[Work item] Take the lines of the data below from the very first through the line containing "开幕式上,北京大学新结构经济" and output them exactly, pictures excluded.

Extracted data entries
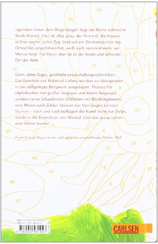 In der kleinen walisischen Stadt Manod ist alles grau: der Himmel, die Häuser und es regnet jeden Tag. Für Dylan aber ist Manod der beste Ort der Welt. Mit einem Vater, der einfach einen Kessel heisses Wasser in die Irische See kippt, wenn es zu kalt zum Baden ist. Und dann, eines Tages, bringt ein wahrhaft aussergewöhnliches Ereignis Farbe in den grauen Ort: Die Kunstwerke der Londoner National Gallery werden vorübergehend in das stillgelegte Bergwerk ausgelagert! Nach und nach beflügelt die Kunst die Einwohner von Manod und dazu tragen nicht nur Van Goghs"Sonnenblumen"bei...
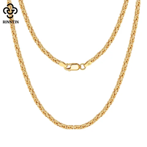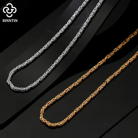 Rinntin 925 Sterling Silver Italian 2.5mm Flat Byzantine Link Chain Necklace for Women Vintage Silver Dainty Jewelry SC79
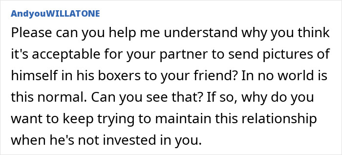 The poster feels left out because of this, but she thinks that it’s her problem to deal with. However, one day, this completely changed after her husband sent her a “spicy pic” (with him in just his boxers). Well, the main issue was that he sent it to their friend 10 minutes before he sent it to OP. She found out about it when she went through his phone, so now, it’s gnawing at her.
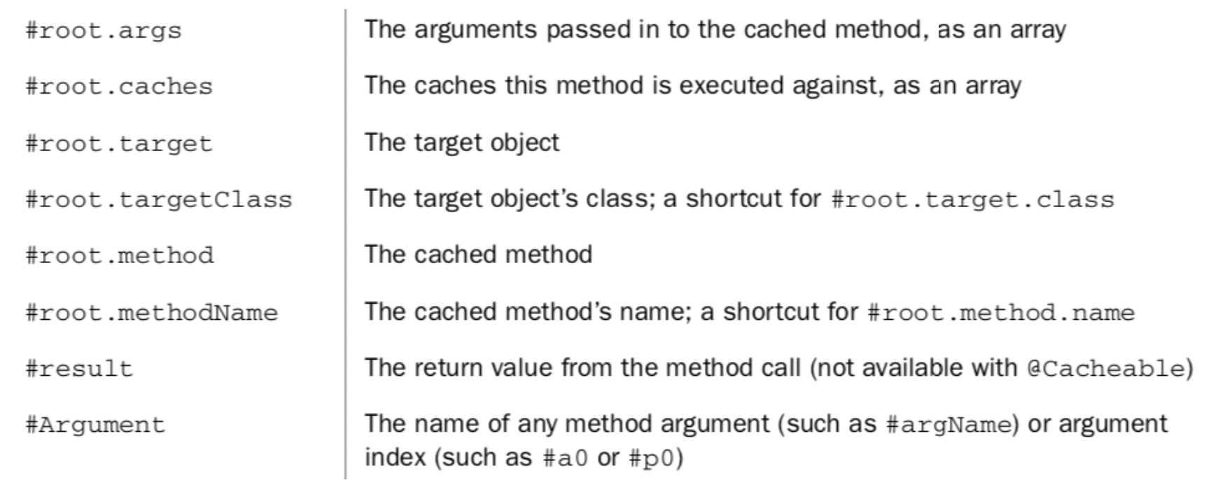 ์กฐ๊ฑด์ ๋ฐ๋ผ ์บ์๋ฅผ ๋ค๋ฅด๊ฒ ๋์ํ๊ฒ ํ๊ฑฐ๋, ์บ์ key๋ฅผ ์ง์ ํ๊ณ ์ถ๋ค๋ฉด SPEL ๋ฌธ๋ฒ์ ์ฌ์ฉํ์ฌ ์ค์ ํ ์ ์๋ค.
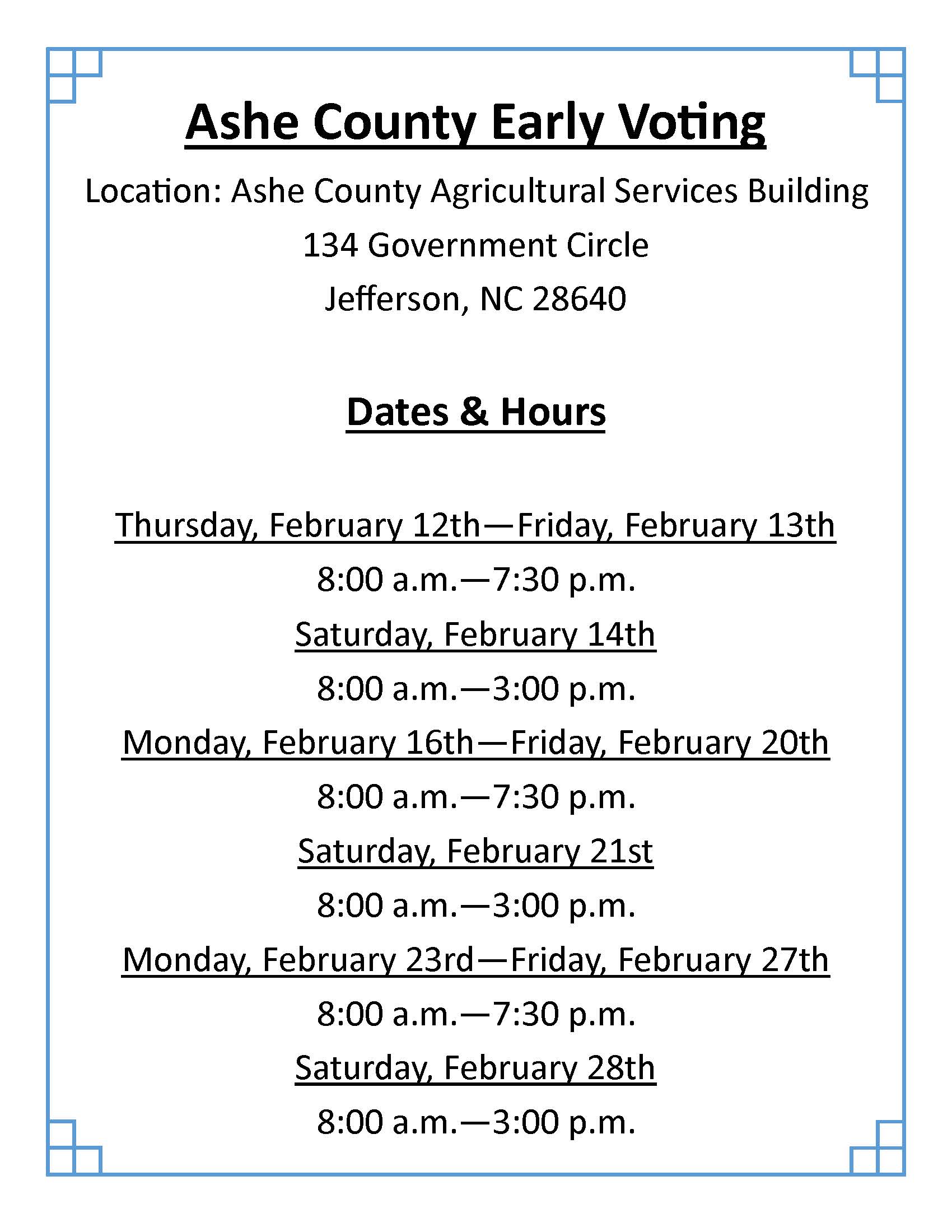 You have reached the Ashe County Board of Elections Website. We hope you find useful information that helps to better educate you in the election process.
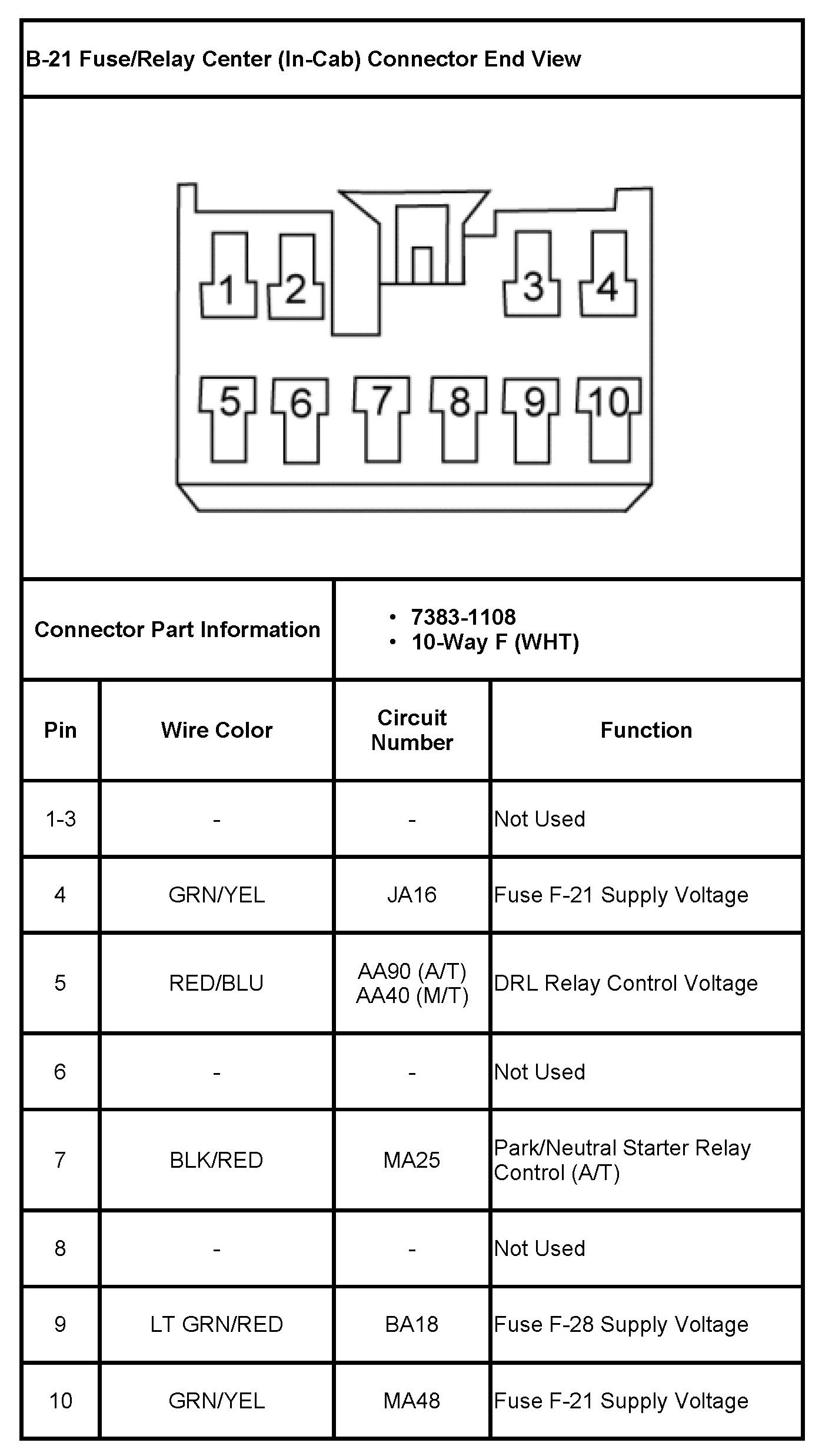 B-21 Fuse/Relay Center (In-Cab)
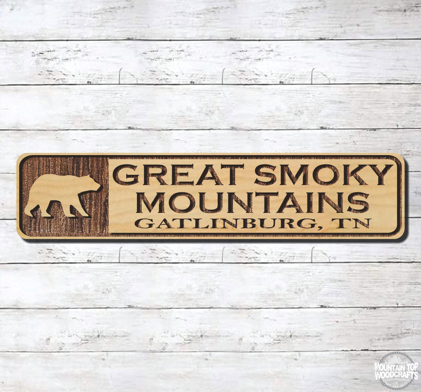 Great Smoky Mountains Gaitlinburg TN Street Sign ~ Laser Engraved Sign Wood Wall Art
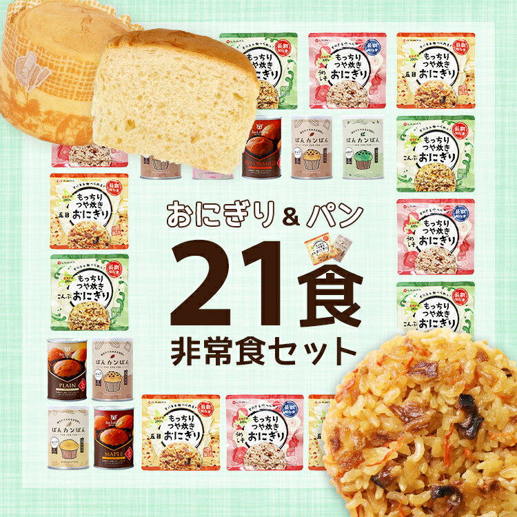 もっちりつや炊きおにぎりとパンの21食セット 【 5年保存 非常食 保存食 北海道米100% 特許製法 そのまま 食べられる レトルト 常温保存 常備食 備蓄食 保存米 ごはん ご飯 おすすめ 美味しい キャンプ 登山 送料無料 米 調理不要 】
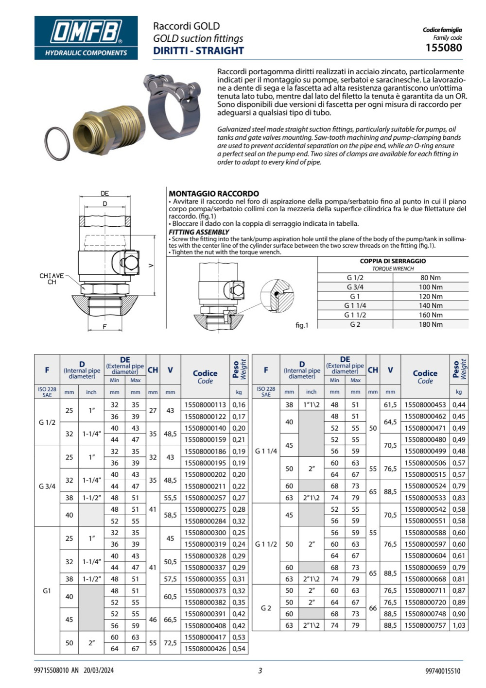 OMFB SAUGANSCHLUSS 1" DN50 0°
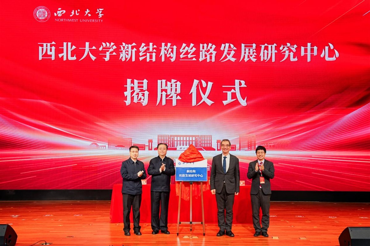 开幕式上,北京大学新结构经济学研究院院长林毅夫教授、中共陕西省委教育工委副书记王海波、星空app官网校长孙庆伟、北京大学新结构经济学研究院副院长王勇共同为星空app官网新结构丝路发展研究中心揭牌。
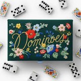 A set of 28 dominoes with illustrated designs, packaged in an embroidered keepsake box that’s designed for display. The box includes a magnetic closure, grosgrain ribbon pull, and a card with instructions for how to play.
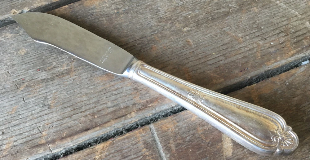 1 Solid Fish Knife Reed Barton Corsican 1926 Plumes Silverplate 82108 Silver Plate •Piece: Solid Fish Knife •Size: 8 1/8" •Quantity: 1 •Manufacturer: Reed & Barton •Maker's Mark/Signature: Reed Barton Mirrorstele on the Blade •Pattern: Corsican •Color: Silver Plate Silverplate •Country of Origin: ? •Material: Silverplate Silver Plate •Condition: Good to Very Good. May have some minor wear. Needs polishing. •Pattern Attributes: Plumes •Style Number: 1926 82108 RPSCOR •Years Manufactured: 1926 and most likely discontinued Shelf: i
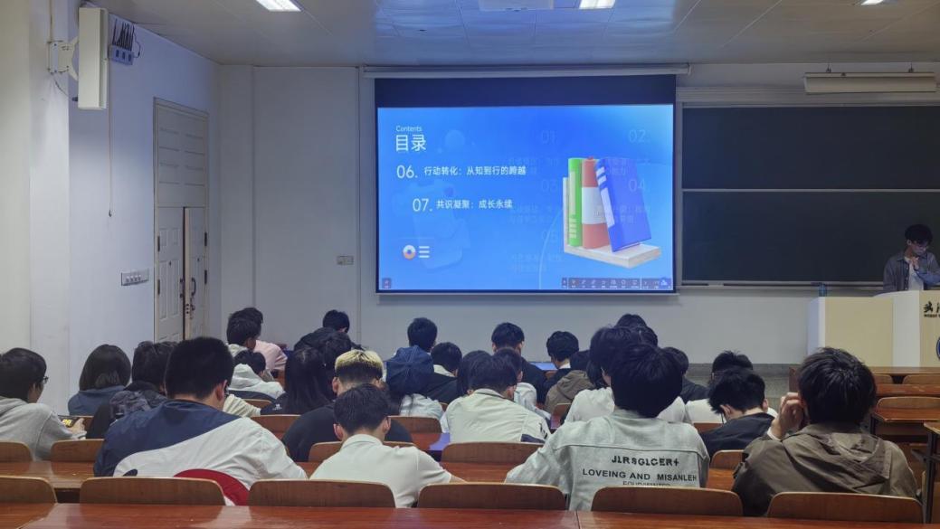 班会伊始,王健宇以“价值锚定:为何此刻关键”为切入点,阐述了在大学阶段这一人生战略储备期,提升核心素质对专业能力的培养、人格塑形的重要意义,引导同学们主动提升自身核心素质与核心竞争力,明确大学阶段的核心目标与努力方向。
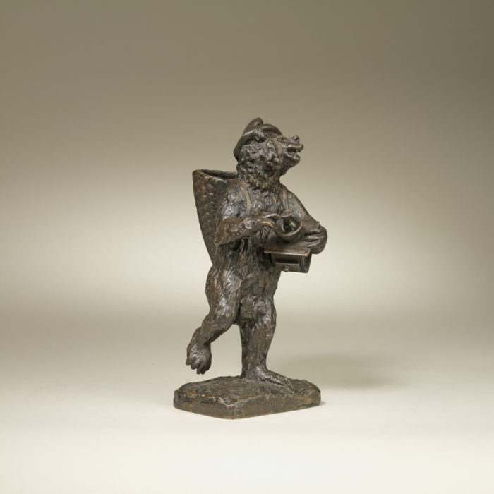 A fine quality, nineteenth century bronze model of a ‘Bear with a Coffee Grinder and Backpack Basket’ by Christophe Fratin, (French, 1801-1864). This bronze is signed ‘FRATIN’ and has a dark brown patina with golden highlights.
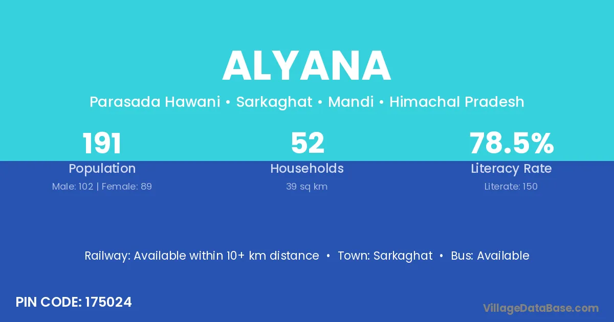 Sarkaghat is the nearest town to Alyana village for major economic activities

[Response for this exercise]
 In der kleinen walisischen Stadt Manod ist alles grau: der Himmel, die Häuser und es regnet jeden Tag. Für Dylan aber ist Manod der beste Ort der Welt. Mit einem Vater, der einfach einen Kessel heisses Wasser in die Irische See kippt, wenn es zu kalt zum Baden ist. Und dann, eines Tages, bringt ein wahrhaft aussergewöhnliches Ereignis Farbe in den grauen Ort: Die Kunstwerke der Londoner National Gallery werden vorübergehend in das stillgelegte Bergwerk ausgelagert! Nach und nach beflügelt die Kunst die Einwohner von Manod und dazu tragen nicht nur Van Goghs"Sonnenblumen"bei...
 Rinntin 925 Sterling Silver Italian 2.5mm Flat Byzantine Link Chain Necklace for Women Vintage Silver Dainty Jewelry SC79
 The poster feels left out because of this, but she thinks that it’s her problem to deal with. However, one day, this completely changed after her husband sent her a “spicy pic” (with him in just his boxers). Well, the main issue was that he sent it to their friend 10 minutes before he sent it to OP. She found out about it when she went through his phone, so now, it’s gnawing at her.
 ์กฐ๊ฑด์ ๋ฐ๋ผ ์บ์๋ฅผ ๋ค๋ฅด๊ฒ ๋์ํ๊ฒ ํ๊ฑฐ๋, ์บ์ key๋ฅผ ์ง์ ํ๊ณ ์ถ๋ค๋ฉด SPEL ๋ฌธ๋ฒ์ ์ฌ์ฉํ์ฌ ์ค์ ํ ์ ์๋ค.
 You have reached the Ashe County Board of Elections Website. We hope you find useful information that helps to better educate you in the election process.
 B-21 Fuse/Relay Center (In-Cab)
 Great Smoky Mountains Gaitlinburg TN Street Sign ~ Laser Engraved Sign Wood Wall Art
 もっちりつや炊きおにぎりとパンの21食セット 【 5年保存 非常食 保存食 北海道米100% 特許製法 そのまま 食べられる レトルト 常温保存 常備食 備蓄食 保存米 ごはん ご飯 おすすめ 美味しい キャンプ 登山 送料無料 米 調理不要 】
 OMFB SAUGANSCHLUSS 1" DN50 0°
 开幕式上,北京大学新结构经济学研究院院长林毅夫教授、中共陕西省委教育工委副书记王海波、星空app官网校长孙庆伟、北京大学新结构经济学研究院副院长王勇共同为星空app官网新结构丝路发展研究中心揭牌。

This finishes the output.